Well fuck that. I mean, I made out with my cousin once. Who gives a fuck.
do we own a ladder
We do not.
then how am i on the roof
Just so you know, my new pet parrot tried to bond sexually with me today. That is what Google told me. I'm not sure of its gender.
There's nothing worse than carrying your fairy crown and wings home wearing fishnets
No sorry. I may be a happy drunk but my gag reflux is an angry drunk.
Yeeeaahhh, I'm in no rush to dismiss a level 6 booty-call that pays my bar tabs and understands my Harry Potter obsession.
I can't find the remote or the Doritos. Someone call 911. S.O.S. I sent this in Braille.
I got my eyebrow ring humped out. How is that even possible?
He was making a joke about signing my name on this piece of paper. He has a whole bucket filled with names on pieces of paper. I think thats how he keeps count.
Umm... When he walked in I shot him with my confetti gun... It's a wonder my booty calls even show up.

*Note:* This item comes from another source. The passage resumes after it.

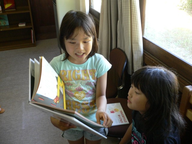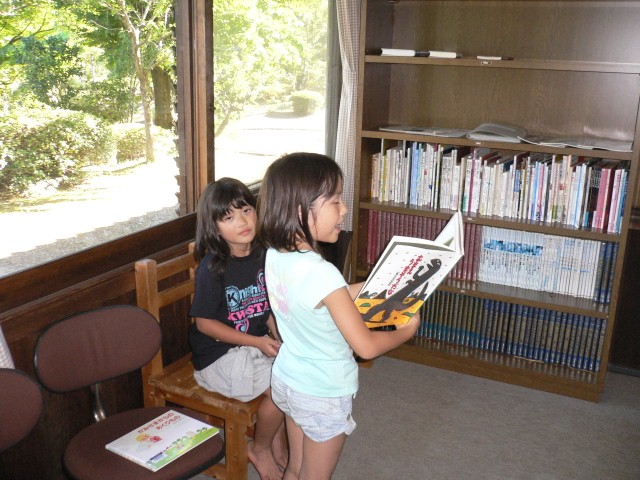 猛暑が続きます。良い子の皆さんは宿題や遊びに忙しいですね。一滴文庫の図書室は絵本やマンガがたくさんあります。今日のお友達は絵本の読み聞かせあいをしています。涼しいお部屋がありますから皆さんも遊びに来てくださいね。(M)

Why the fuck is there raw bacon in my bra. I don't even have a stove.
Ok. Yes. He has a tiny penis. But he also has a trust fund.

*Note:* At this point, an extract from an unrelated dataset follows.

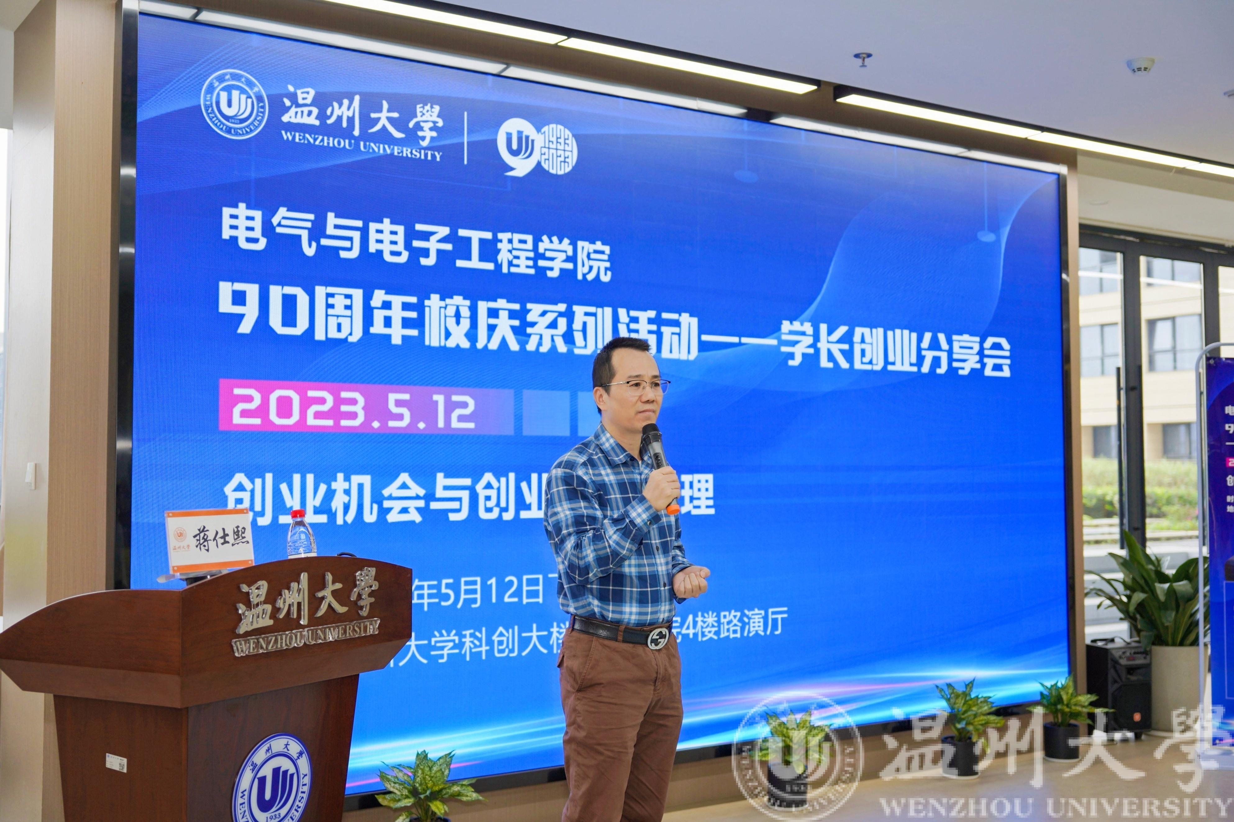 仪式结束后,蒋仕熙员工进行了“创业机会与创业风险管理”的主题分享。他通过个人经历引出了他的创业故事,并通过华为高管创业失败等详实的案例指出了当下的创业环境已经不如八九十年代,创业风险极大。随后,蒋仕熙员工分享了他认为创业成功应该具备的几个条件:激情、能力和认知,并分别用自身的经历与其他知名商业案例来印证这几个条件,得到了在场嘉宾与同学们的高度认同。最后,他鼓励同学们要努力学习,尊师重道,将来用更大的贡献回馈母校与社会。

My manager is trying to help me find a good career path, and I'm trying to find a professional way to tell him I just wanna smoke and fuck.
I woke up under the kitchen table. Andy is cursing out Joe Exotic's name in between heaves in the bathroom. Jay is trying to sleep w/ a shirt tied over his eyes. Lena and Brad braved the sun to go get bloody mary supplies and food. I'd say the Tiger King drinking game was a success.